┏━━
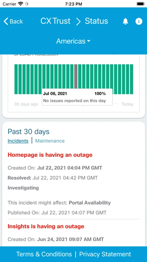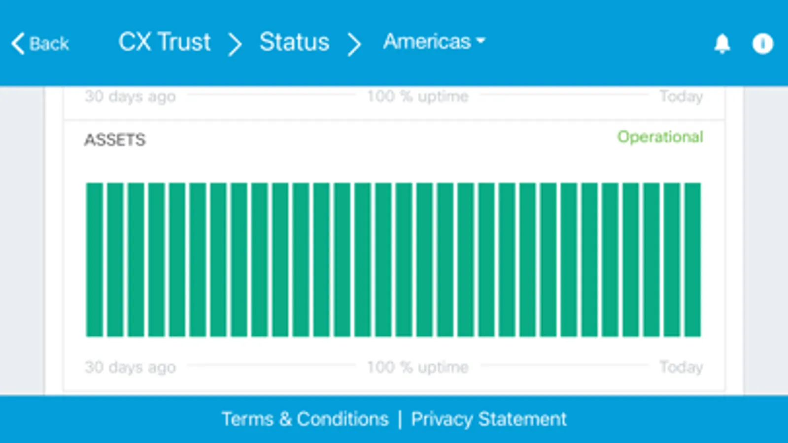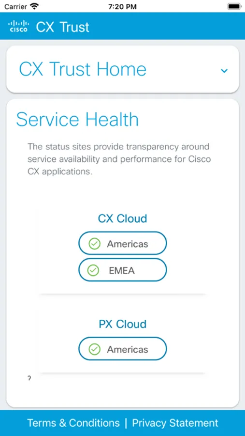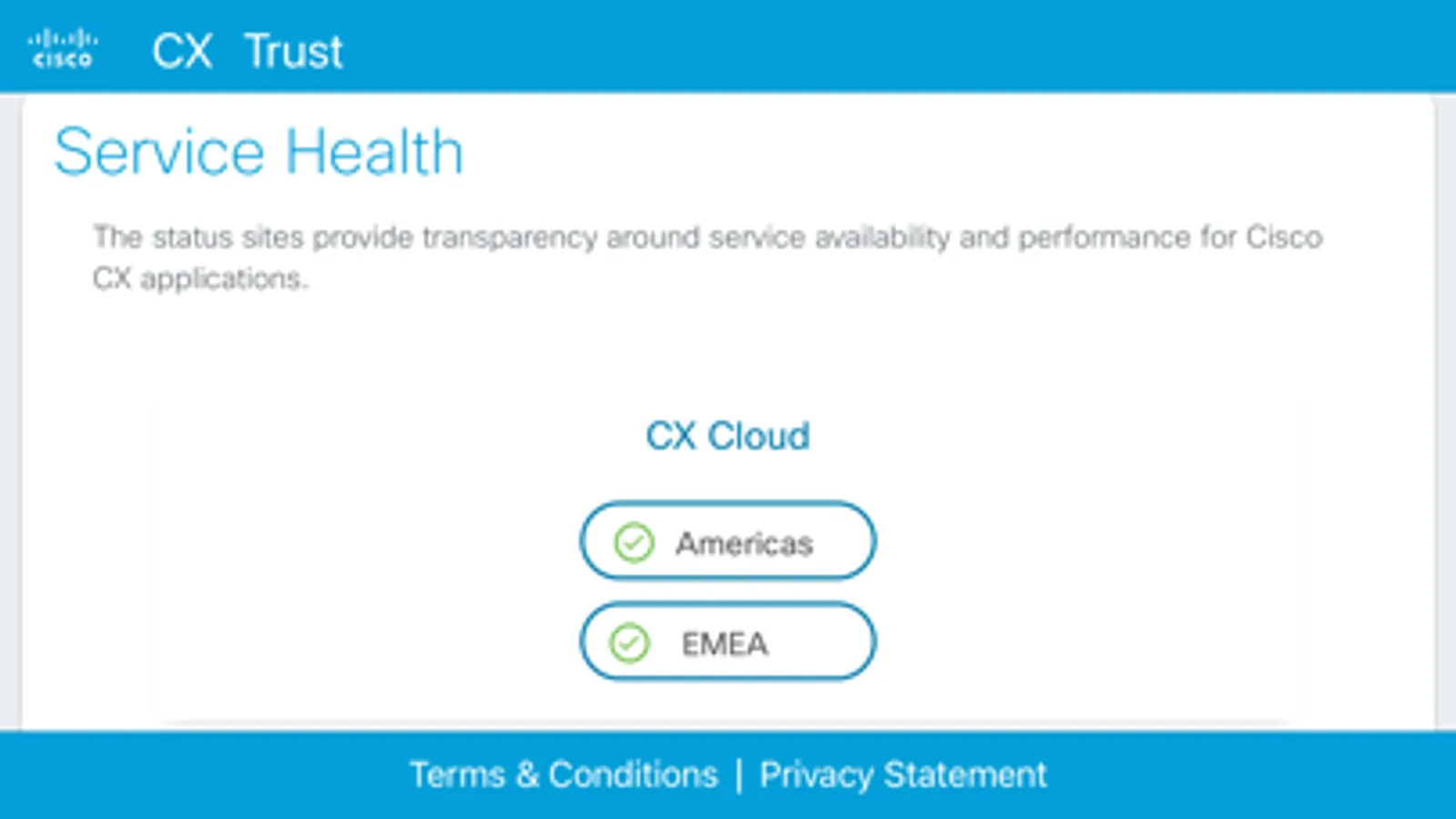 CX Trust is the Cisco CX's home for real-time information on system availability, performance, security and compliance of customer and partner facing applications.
┗━━
┏━━
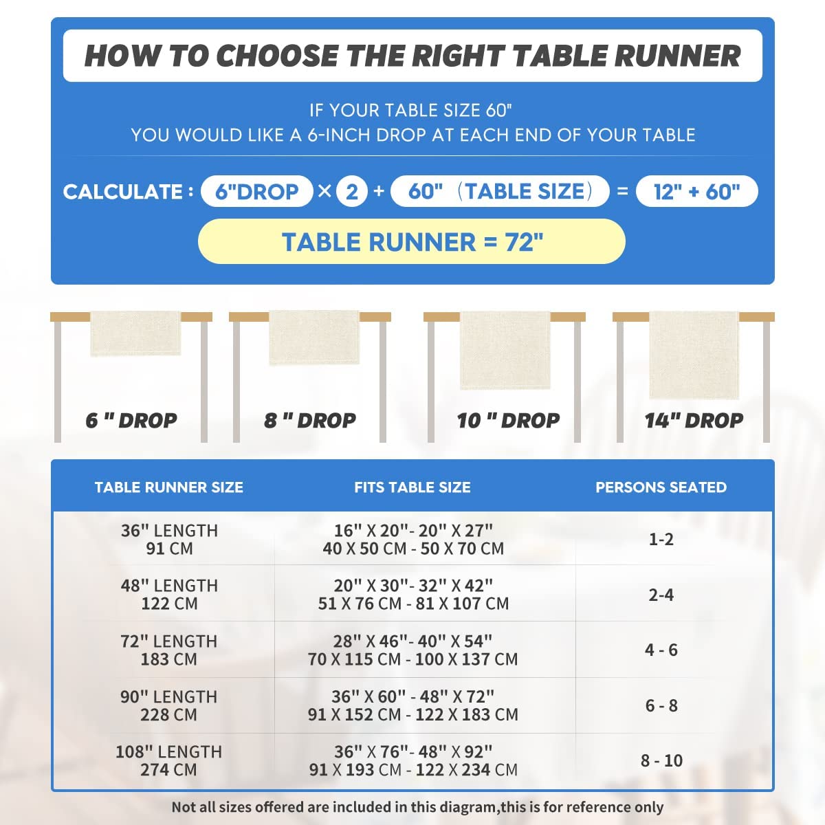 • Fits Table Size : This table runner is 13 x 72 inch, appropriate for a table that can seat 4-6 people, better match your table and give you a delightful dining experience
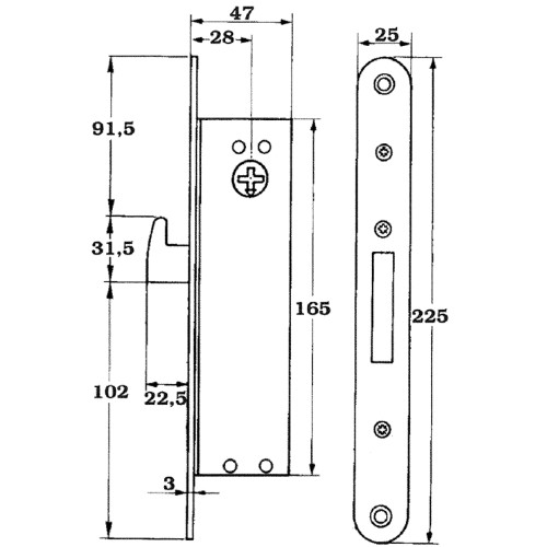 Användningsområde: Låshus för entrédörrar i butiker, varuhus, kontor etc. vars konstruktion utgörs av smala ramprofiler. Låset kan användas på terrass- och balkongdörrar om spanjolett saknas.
┗━━
Directions for this task>
Going by the data above, give back only the lines from the one containing "delightful dining experience" through the one containing "Användningsområde: Låshus för", exactly as they stand, both ends included and no images.

Solution>
 • Fits Table Size : This table runner is 13 x 72 inch, appropriate for a table that can seat 4-6 people, better match your table and give you a delightful dining experience
 Användningsområde: Låshus för entrédörrar i butiker, varuhus, kontor etc. vars konstruktion utgörs av smala ramprofiler. Låset kan användas på terrass- och balkongdörrar om spanjolett saknas.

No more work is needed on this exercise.